Gaussian process latent variable model factorization for context-aware recommender systems

Context-aware recommender systems (CARS) have gained increasing attention due to their ability to utilize contextual information. Compared to traditional recommender systems, CARS are, in general, able to generate more accurate recommendations. The latent factors approach accounts for a large proportion of CARS. Recently, a non-linear Gaussian Process (GP) based factorization method was proven to outperform the state-of-the-art methods in CARS. Despite its effectiveness, standard GP model-based methods can suffer from over-fitting and may not be able to determine the impact of each context automatically.
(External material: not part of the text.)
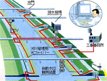 21世紀に向けた河川整備における基本施策の実現及びコストの縮減等を図るため、関係機関との連携を進めつつ、技術開発を推進。 ◎第2次河川技術開発五箇年計画の策定 災害を防ぎ、豊かな生活環境を創造するため、平成11年度を初年度とする第二次河川技術開発五箇年計画に基づき、水文観測の高度化と合理化、環境影響の低減技術等の河川・ダム・砂防・海岸等に係わる技術開発を大学や民間との連携を積極的に行いながら、一層推進。 【新技術の例 光ファイバを活用した河川管理】 |
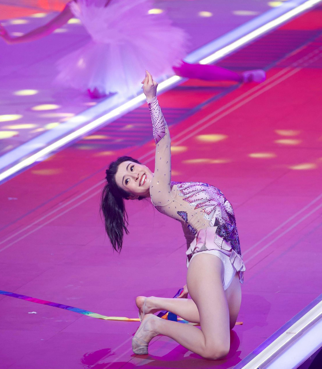 Tran Vinh Thi showcases her rhythmic gymnastics skills at Miss Hong Kong. |

In order to address such shortcomings, we propose a Gaussian Process Latent Variable Model Factorization (GPLVMF) method, where we apply an appropriate prior to the original GP model. Our work is primarily inspired by the Gaussian Process Latent Variable Model (GPLVM), which is a non-linear dimensionality reduction method. Since the traditional maximum likelihood approach for standard GP cannot be applied to our model, we adopt a variational inference method to solve the GPLVMF model. As a result, we improve the results on the real datasets significantly as well as capturing the importance of each context. In addition to the general advantages, our method flexibly provides two contributions regarding recommender system settings: (1) addressing the influence of bias by setting a non-zero mean function, and (2) utilizing real-valued contexts by fixing the latent space with real values.